▶ PROBLEM REQUIREMENTS: Below are the records; copy exactly the lines from the first through the one containing "4月6日、浦河町スポーツ協会", both included, and leave out the pictures.

▶ Data extracted from a collection:
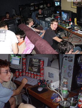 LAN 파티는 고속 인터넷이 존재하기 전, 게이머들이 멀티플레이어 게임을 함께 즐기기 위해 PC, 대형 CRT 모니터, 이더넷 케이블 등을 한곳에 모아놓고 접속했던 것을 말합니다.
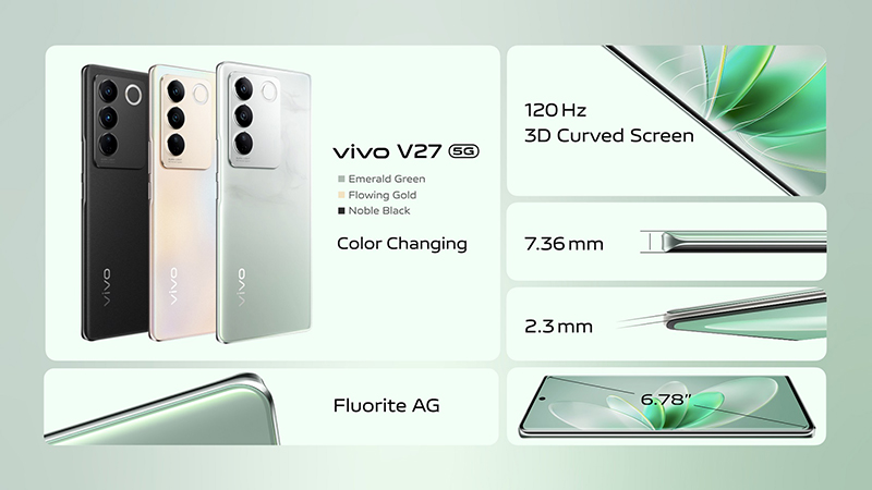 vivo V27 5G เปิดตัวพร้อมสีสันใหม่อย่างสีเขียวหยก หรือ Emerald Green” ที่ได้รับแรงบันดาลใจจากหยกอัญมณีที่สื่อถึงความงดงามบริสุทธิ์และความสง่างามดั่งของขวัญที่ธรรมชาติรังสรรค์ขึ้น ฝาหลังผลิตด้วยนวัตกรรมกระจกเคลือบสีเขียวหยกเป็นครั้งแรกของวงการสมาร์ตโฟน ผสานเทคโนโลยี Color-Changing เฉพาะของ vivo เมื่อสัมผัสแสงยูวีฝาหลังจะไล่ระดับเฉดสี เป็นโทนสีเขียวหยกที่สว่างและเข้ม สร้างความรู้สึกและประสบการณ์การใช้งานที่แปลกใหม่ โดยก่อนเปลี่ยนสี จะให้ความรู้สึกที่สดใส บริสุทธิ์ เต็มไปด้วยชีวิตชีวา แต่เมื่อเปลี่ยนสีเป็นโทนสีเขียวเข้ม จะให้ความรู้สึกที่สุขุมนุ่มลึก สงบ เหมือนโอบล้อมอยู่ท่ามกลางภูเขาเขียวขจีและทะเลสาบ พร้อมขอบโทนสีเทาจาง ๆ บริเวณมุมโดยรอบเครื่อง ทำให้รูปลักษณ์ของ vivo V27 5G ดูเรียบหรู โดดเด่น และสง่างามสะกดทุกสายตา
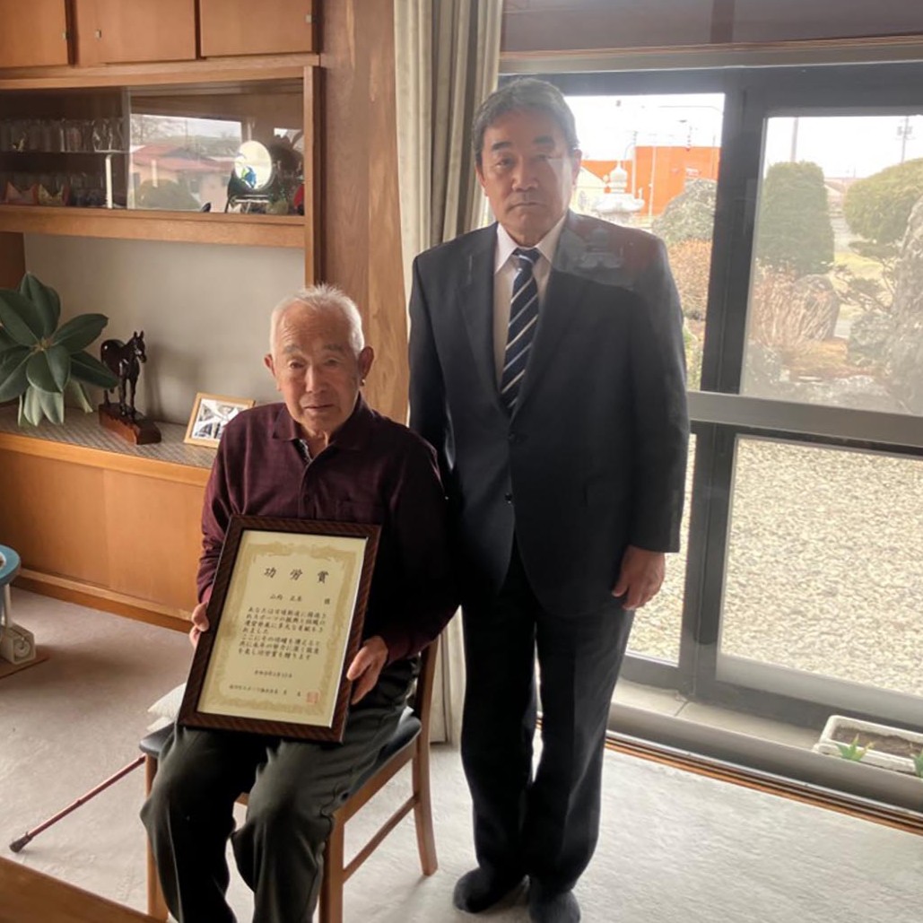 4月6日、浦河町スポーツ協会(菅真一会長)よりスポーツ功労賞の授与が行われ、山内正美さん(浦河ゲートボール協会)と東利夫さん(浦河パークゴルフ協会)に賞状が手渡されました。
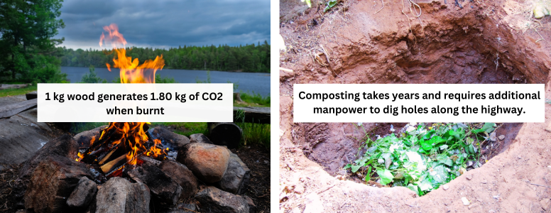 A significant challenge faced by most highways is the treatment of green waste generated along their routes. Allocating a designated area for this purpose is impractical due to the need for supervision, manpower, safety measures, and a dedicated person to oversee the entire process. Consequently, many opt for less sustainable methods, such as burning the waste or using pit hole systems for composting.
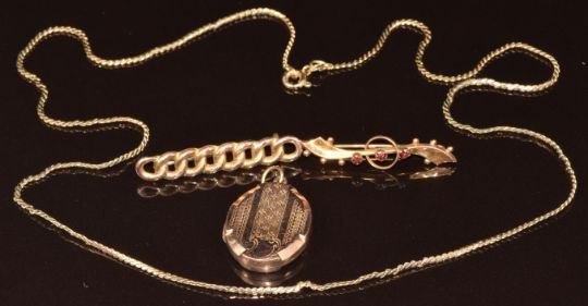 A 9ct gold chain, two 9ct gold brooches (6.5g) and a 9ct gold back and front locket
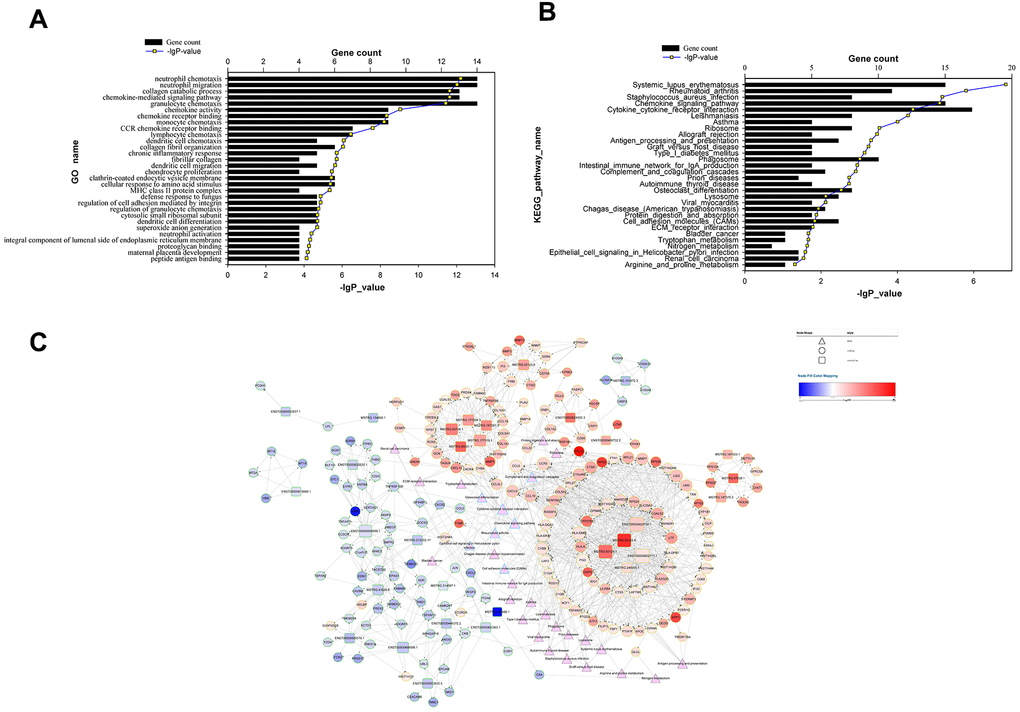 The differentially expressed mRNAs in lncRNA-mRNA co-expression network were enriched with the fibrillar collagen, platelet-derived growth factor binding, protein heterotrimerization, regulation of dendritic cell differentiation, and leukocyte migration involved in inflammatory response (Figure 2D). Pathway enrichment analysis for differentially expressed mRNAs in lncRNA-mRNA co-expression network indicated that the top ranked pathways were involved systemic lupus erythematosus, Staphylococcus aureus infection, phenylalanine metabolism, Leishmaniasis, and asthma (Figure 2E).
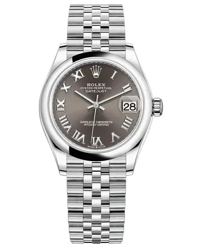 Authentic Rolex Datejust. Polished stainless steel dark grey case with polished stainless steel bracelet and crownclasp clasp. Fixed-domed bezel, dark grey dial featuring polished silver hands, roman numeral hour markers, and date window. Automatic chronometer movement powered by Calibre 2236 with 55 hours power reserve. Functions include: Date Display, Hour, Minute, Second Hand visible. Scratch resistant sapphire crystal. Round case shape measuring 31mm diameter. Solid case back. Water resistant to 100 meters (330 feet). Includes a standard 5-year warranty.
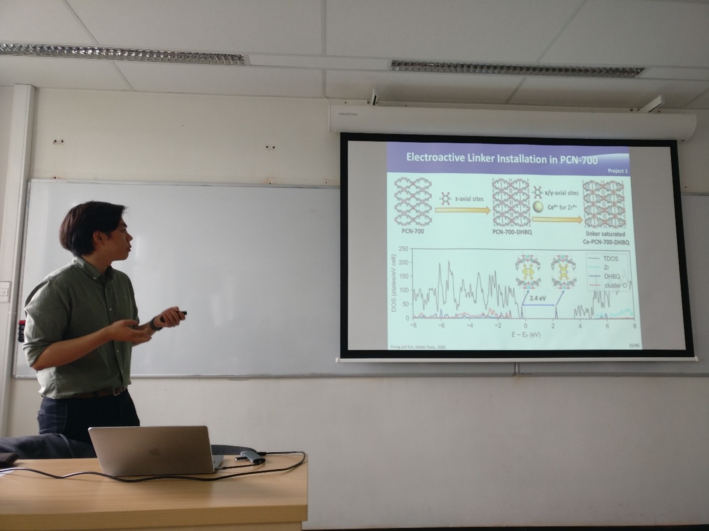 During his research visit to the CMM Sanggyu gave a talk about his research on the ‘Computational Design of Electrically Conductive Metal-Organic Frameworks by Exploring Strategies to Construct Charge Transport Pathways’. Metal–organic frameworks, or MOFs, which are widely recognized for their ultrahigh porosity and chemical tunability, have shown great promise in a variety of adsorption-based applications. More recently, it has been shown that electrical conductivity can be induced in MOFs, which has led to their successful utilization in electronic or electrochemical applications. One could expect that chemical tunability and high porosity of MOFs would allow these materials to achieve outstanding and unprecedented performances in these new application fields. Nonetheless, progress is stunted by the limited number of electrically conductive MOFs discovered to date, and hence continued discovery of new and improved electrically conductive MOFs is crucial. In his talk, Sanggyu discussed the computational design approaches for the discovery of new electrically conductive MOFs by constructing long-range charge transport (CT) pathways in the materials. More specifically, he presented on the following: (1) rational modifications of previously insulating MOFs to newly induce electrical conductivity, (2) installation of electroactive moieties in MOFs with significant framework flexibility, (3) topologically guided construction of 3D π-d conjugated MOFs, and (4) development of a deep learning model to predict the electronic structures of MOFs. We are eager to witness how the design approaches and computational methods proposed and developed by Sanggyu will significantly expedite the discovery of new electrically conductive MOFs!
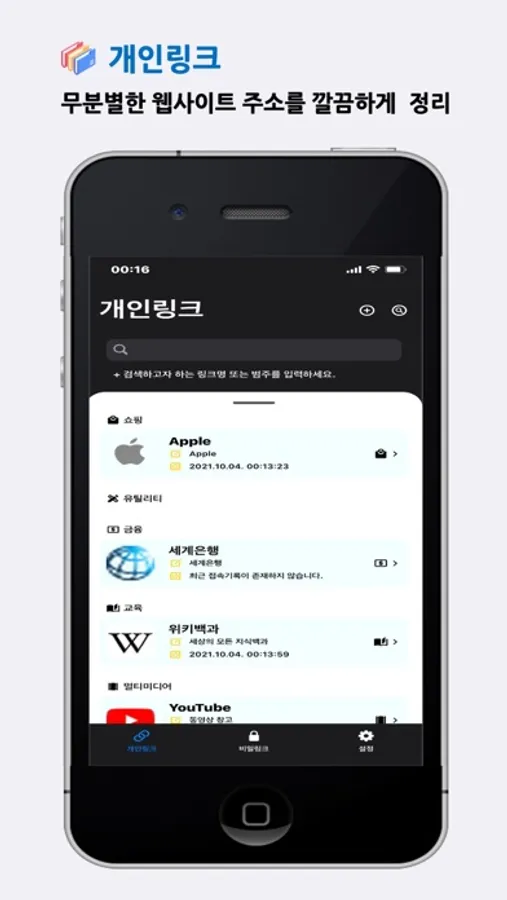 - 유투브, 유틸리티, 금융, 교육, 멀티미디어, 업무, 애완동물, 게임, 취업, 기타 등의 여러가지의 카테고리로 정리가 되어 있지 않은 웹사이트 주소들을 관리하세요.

▶ SOLUTION TO THIS TASK:
 LAN 파티는 고속 인터넷이 존재하기 전, 게이머들이 멀티플레이어 게임을 함께 즐기기 위해 PC, 대형 CRT 모니터, 이더넷 케이블 등을 한곳에 모아놓고 접속했던 것을 말합니다.
 vivo V27 5G เปิดตัวพร้อมสีสันใหม่อย่างสีเขียวหยก หรือ Emerald Green” ที่ได้รับแรงบันดาลใจจากหยกอัญมณีที่สื่อถึงความงดงามบริสุทธิ์และความสง่างามดั่งของขวัญที่ธรรมชาติรังสรรค์ขึ้น ฝาหลังผลิตด้วยนวัตกรรมกระจกเคลือบสีเขียวหยกเป็นครั้งแรกของวงการสมาร์ตโฟน ผสานเทคโนโลยี Color-Changing เฉพาะของ vivo เมื่อสัมผัสแสงยูวีฝาหลังจะไล่ระดับเฉดสี เป็นโทนสีเขียวหยกที่สว่างและเข้ม สร้างความรู้สึกและประสบการณ์การใช้งานที่แปลกใหม่ โดยก่อนเปลี่ยนสี จะให้ความรู้สึกที่สดใส บริสุทธิ์ เต็มไปด้วยชีวิตชีวา แต่เมื่อเปลี่ยนสีเป็นโทนสีเขียวเข้ม จะให้ความรู้สึกที่สุขุมนุ่มลึก สงบ เหมือนโอบล้อมอยู่ท่ามกลางภูเขาเขียวขจีและทะเลสาบ พร้อมขอบโทนสีเทาจาง ๆ บริเวณมุมโดยรอบเครื่อง ทำให้รูปลักษณ์ของ vivo V27 5G ดูเรียบหรู โดดเด่น และสง่างามสะกดทุกสายตา
 4月6日、浦河町スポーツ協会(菅真一会長)よりスポーツ功労賞の授与が行われ、山内正美さん(浦河ゲートボール協会)と東利夫さん(浦河パークゴルフ協会)に賞状が手渡されました。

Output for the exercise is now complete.